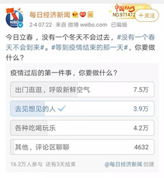 今天,2020年2月14日,一個(gè)特殊的情人節(jié)!想從一個(gè)近期的網(wǎng)絡(luò)投票說(shuō)起:“疫情過(guò)后的第一件事,你要做什么?”
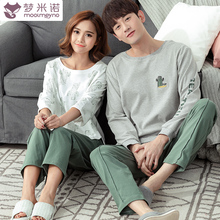 2017新款纯棉情侣睡衣长袖春秋韩版家居服套装男女款居家服情侣款
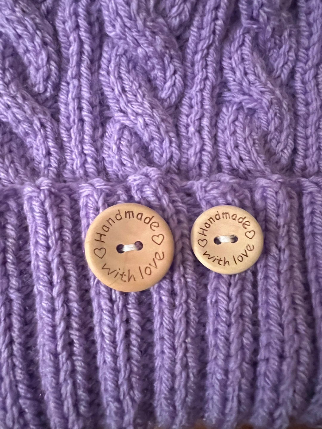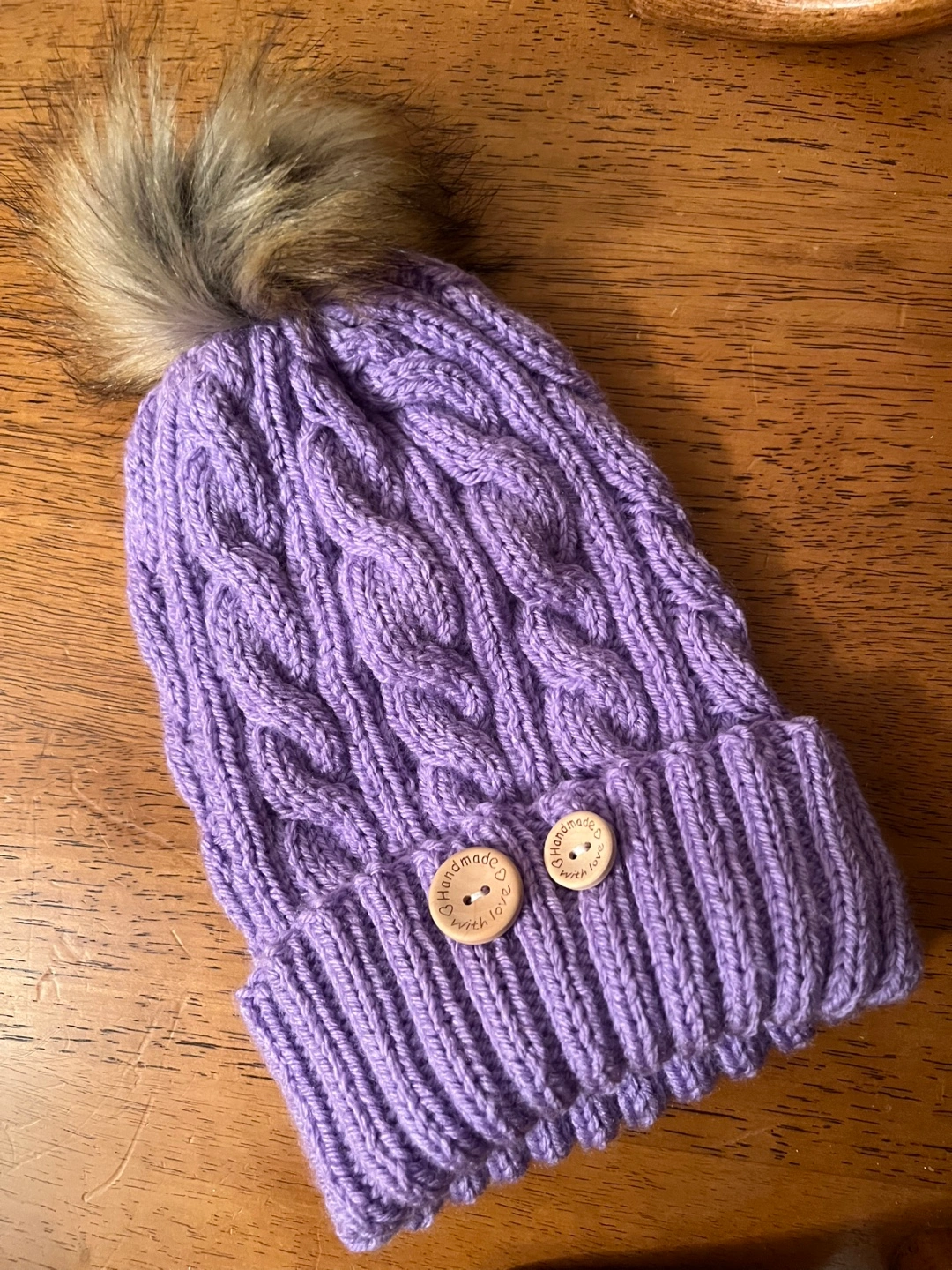 Lovely purple cable knit toque. Features a faux fur pom pom and 2 wooden buttons that says “Handmade with love”. ❤️❤️
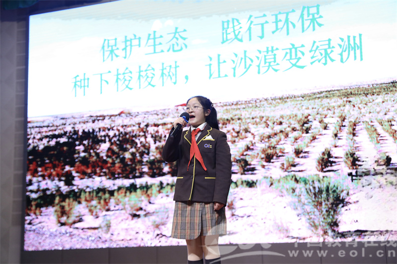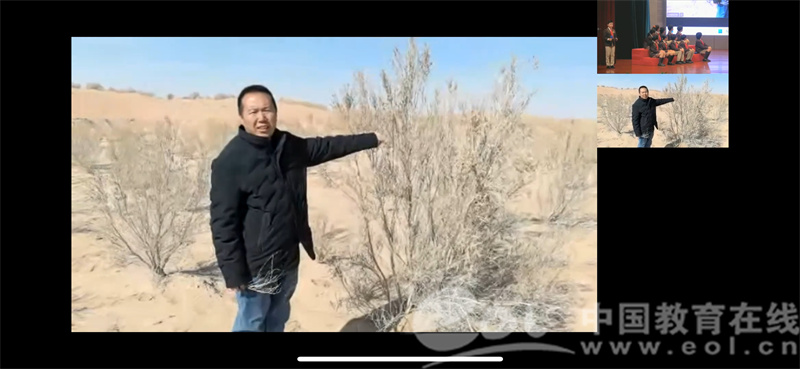 六年级学生马欣瑜曾和家人一起奔赴甘肃民勤,“在沙漠里,我找到了我们的崇文林!它就在民勤抗击沙漠的最前方,崇文林的梭梭树已经长得和我一样高了!”在环保思政课上,马欣瑜和现场的伙伴们讲述了自己的寻林之旅。
_ _ _ _ _ _ _
Repeat the data in full and exactly. Omit pictures.

 今天,2020年2月14日,一個(gè)特殊的情人節(jié)!想從一個(gè)近期的網(wǎng)絡(luò)投票說(shuō)起:“疫情過(guò)后的第一件事,你要做什么?”
 2017新款纯棉情侣睡衣长袖春秋韩版家居服套装男女款居家服情侣款
 Lovely purple cable knit toque. Features a faux fur pom pom and 2 wooden buttons that says “Handmade with love”. ❤️❤️
 六年级学生马欣瑜曾和家人一起奔赴甘肃民勤,“在沙漠里,我找到了我们的崇文林!它就在民勤抗击沙漠的最前方,崇文林的梭梭树已经长得和我一样高了!”在环保思政课上,马欣瑜和现场的伙伴们讲述了自己的寻林之旅。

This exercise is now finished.